Applying to do research.There is quite a lot of advice available on the WWW about how to choose which departments to apply to (for a research degree), and how to increase your chances of success. I'm a bit sceptical about the need for this --- I think that by the end of their undergraduate careers, most students know in what sub-field of the subject they want to work, or what style of approach they want to use. Furthermore, they know which departments at which universities study that sub-field or take that style of approach. Consequently, their list of desirable departments is already a short one; if they have made personal contacts, the list will be very short indeed. However, if you think you need advice, here is mine.
- You should appreciate that there are an enormous number of specialisations available in the scholarly world. Flick through one of the directories of scholarly societies if you don't believe me. For example, there is a Colour Society of Australia, an International Association for Cross-Cultural Psychology, and a Stress and Anxiety Research Society.
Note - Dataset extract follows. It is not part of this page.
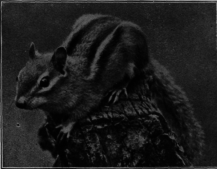 For the underground burrows of the chipmunks, look in the deepest woods, around old stumps, logs and boulders. Look sharp. Tail and all the chipmunk is less than a foot long, and he is just the color of rotten wood. Even the black and white stripes on his back are mere lights and shadows. A sunny, woodsy streak, he flashes across the open, stops stock still, upright, alert, and is gone. You are not sure you saw him at all. Perhaps you heard his gleeful "chip, chip, chip!" It is a challenge. He would just as soon lead you a merry chase as not. Little soldier, every log is a breastwork, every stump a sentry box, every screen of undergrowth a retreat. And for all he burrows, he is not a true ground squirrel. He can climb, and his habits are those of the tree squirrels.

If some specialisation appeals to you (surely you'll like something in all your undergraduate studies!), then sometime about the middle of your undergraduate career, you should stop thinking of yourself as (for example) an embryo psychologist, and start thinking of yourself as (for example) an embryo colour psychologist. You will then only be interested in departments that are strong in colour studies. If you are in this position, do not limit yourself to departments of psychology. You might find the most suitable place is in a group within a chemistry or physiology department.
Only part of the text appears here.